Die Kausalitätsbeurteilung hat auf der Basis des aktuellen wissenschaftlichen Erkenntnisstandes über die Möglichkeit von Ursachenzusammenhängen zwischen bestimmten Ereignissen und der Entstehung bestimmter Krankheiten zu erfolgen. Dies erfordert nicht, dass es zu jedem Ursachenzusammenhang statistisch - epidemiologische Forschungen geben muss. Gibt es keinen aktuellen allgemeinen wissenschaftlichen Kenntnisstand zu einer bestimmten Fragestellung, kann in Abwägung der verschiedenen Auffassungen einer nicht nur vereinzelt vertretenen Auffassung gefolgt werden. Jedoch gibt es im Bereich des Arbeitsunfalls keine Beweisregel, dass bei fehlender Alternativursache die versicherte naturwissenschaftliche Ursache automatisch auch eine wesentliche Ursache ist, weil dies bei komplexem Krankheitsgeschehen zu einer Beweislastumkehr führen würde (BSG, Urteil vom 9. Mai 2006, B 2 U 1/05 R, zitiert nach Juris).
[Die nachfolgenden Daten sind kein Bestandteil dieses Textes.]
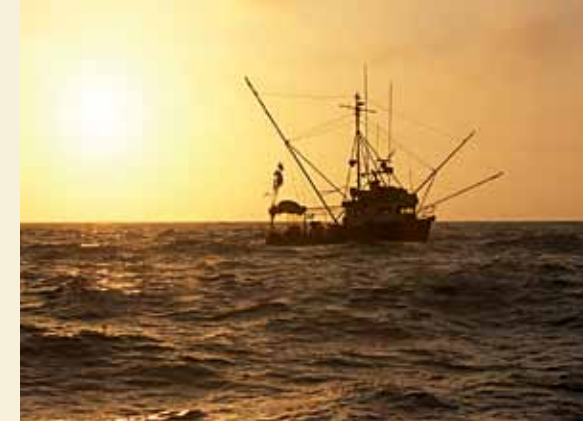
THE DAY'S CATCH. A commercial fishing vessel off the coast of Santa Cruz, California returns to port.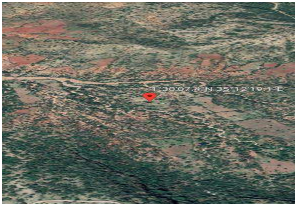
Figure 2.2 Google Earth image of the proposed site for the borehole

The proposed project will be located on land donated by the community of Sachir Village, Tirken Sub Location, Shalpogh Location purposely for water provision for domestic and livestock use for the community. The project site is on GPS coordinates 035.20529667 E and 01.50204167N with an altitude of 1634.9M.a.s.l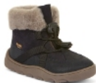
DARK BLUE G3110258-1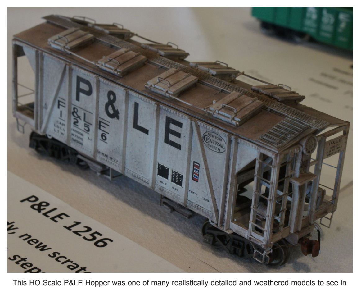
This HO Scale P&LE Hopper was one of many realistically detailed and weathered models to see in the model room at the Railroad Prototype Modelers meet in Greensburg in March this year.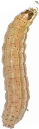
Fall armyworm Spodoptera frugiperda

Kumno ba une u ksain khun Fall armyworm u iapher ka dur ka dar na kiwei pat ki jait khniang kiba ia bam ia u jingthung riewhadem?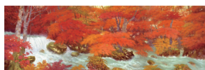
奥田元宋 《奥入瀬(秋)》 Okuda Gensō Oirase Ravine: Autumn

奥入瀬の溪流に紅葉が映える景色。溪流の透明感を錦玉羹で、色づく葉を淡雪羹で表現した季節感あふれる和菓子です。(錦玉羹・羊羹・淡雪羹) Transparent jelly confection with Aawayuki-kan (main ingredient: meringue) and Yokan (sweet red bean confection) ※卵を使用しています。 ⚠ It contains egg

Unter Berücksichtigung dieser Maßstäbe konnte sich der Senat keine Überzeugung davon verschaffen, dass neben den bereits als Arbeitsunfallfolge anerkannten "Gelenkbeschwerden der unteren Extremitäten" weitere Gesundheitsstörungen des Klägers auf den Unfall zurückzuführen sind.
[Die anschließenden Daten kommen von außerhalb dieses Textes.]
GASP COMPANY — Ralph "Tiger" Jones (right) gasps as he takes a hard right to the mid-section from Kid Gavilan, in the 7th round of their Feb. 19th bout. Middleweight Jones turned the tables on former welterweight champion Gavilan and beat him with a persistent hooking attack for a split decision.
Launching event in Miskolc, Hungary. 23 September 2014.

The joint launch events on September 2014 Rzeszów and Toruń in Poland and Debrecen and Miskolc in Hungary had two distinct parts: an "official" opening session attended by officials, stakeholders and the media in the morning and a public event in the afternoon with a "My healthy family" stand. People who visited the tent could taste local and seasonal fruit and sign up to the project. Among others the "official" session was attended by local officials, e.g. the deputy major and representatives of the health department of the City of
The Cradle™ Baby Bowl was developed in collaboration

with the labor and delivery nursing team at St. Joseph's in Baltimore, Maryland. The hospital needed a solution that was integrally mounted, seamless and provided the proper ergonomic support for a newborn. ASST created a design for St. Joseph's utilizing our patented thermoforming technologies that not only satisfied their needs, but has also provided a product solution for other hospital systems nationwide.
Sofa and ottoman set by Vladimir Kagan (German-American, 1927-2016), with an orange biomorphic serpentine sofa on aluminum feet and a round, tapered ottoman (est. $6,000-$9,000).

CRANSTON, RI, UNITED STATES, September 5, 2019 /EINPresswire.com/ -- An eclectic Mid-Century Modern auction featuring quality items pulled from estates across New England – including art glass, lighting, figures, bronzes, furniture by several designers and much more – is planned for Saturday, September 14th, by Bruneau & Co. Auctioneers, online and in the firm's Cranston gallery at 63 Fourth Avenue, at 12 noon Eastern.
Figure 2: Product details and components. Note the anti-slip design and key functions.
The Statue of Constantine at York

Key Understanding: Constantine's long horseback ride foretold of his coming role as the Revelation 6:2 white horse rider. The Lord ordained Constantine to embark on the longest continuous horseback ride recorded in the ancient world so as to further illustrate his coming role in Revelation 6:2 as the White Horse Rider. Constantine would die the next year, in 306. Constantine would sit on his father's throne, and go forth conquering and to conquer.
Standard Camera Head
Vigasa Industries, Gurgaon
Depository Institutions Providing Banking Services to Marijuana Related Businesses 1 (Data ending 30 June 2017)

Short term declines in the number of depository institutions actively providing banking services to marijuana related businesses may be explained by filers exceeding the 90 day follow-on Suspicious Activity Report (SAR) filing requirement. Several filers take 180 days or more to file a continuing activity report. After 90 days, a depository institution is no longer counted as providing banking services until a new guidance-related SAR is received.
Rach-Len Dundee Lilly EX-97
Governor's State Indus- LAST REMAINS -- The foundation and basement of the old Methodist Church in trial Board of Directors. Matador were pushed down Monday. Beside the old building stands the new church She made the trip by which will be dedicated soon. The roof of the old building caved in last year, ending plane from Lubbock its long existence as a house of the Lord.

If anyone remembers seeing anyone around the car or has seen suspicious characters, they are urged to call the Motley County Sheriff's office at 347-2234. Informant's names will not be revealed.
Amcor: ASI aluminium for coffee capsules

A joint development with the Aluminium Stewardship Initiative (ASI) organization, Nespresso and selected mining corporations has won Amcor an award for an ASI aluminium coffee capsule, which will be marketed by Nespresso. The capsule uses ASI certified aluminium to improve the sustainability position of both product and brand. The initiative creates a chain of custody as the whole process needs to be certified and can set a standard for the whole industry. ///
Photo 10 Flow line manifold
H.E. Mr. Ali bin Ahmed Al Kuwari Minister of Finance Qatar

Entgegen der Auffassung von Dr. H. kann nicht mit an Sicherheit grenzender Wahrscheinlichkeit davon ausgegangen werden, dass beim Kläger noch eine chronisch-persistierende Borreliose vorliegt, die Ursache der vom Kläger ihr gegenüber beschriebenen ausgeprägten Müdigkeit, der Nachtschweiße, des Juckreizes, der Sehstörungen und rezidivierenden Augenentzündungen sowie der Pollakisurie ist. Denn nach den insoweit im Ergebnis übereinstimmenden Äußerungen von Prof. Dr. K. und Prof. Dr. von B. kann zwischenzeitlich nicht mehr sicher davon ausgegangen werden, dass die Borreliose noch aktiv ist. Prof. Dr. K. weist darauf hin, dass über den Nachweis von spezifischen Antikörpern entgegen der Einschätzung von Dr. H. nichts über die Aktivität oder Chronizität einer Borreliose ausgesagt werden kann. Seine eigenen systematischen Verlaufsuntersuchungen über acht Jahre haben belegt, dass es keine Korrelation zwischen dem Antikörpermuster bzw. der Konzentration und der Krankheitsaktivität gibt. Diese Auffassung, die Prof. Dr. K. auf seine eigene langjährige klinische (Studien-) Erfahrung und eine umfassende Auswertung der einschlägigen Literatur, insbesondere der dort beschriebenen Studien stützt, ist für den Senat überzeugend. Doch selbst wenn diese Einschätzung außer Betracht gelassen würde, wäre eine fortbestehende Borreliose nicht nachgewiesen, denn Prof. Dr. von B. hat sich im Rahmen seiner Begutachtung aufgrund der von ihm durchgeführten Borrelienserologie unter Einschluss einer Borrelien-PCR nach einer Hautbiopsie im Unterschied zu Dr. H. nicht in der Lage gesehen, eine Aussage darüber zu treffen, ob die Infektion gegenwärtig noch aktiv ist. Er hat ausschließlich eine schwere beinbetonte Tetraplegie diagnostiziert und sich gutachtlich allein mit der Frage auseinandergesetzt, ob diese durch die Borreliose verursacht wurde. Aus diesem Grund drängen sich erhebliche Zweifel auf, ob Dr. H. zu Recht aufgrund der von ihr durchgeführten Untersuchungen von einer fortbestehenden Borreliose ausgeht.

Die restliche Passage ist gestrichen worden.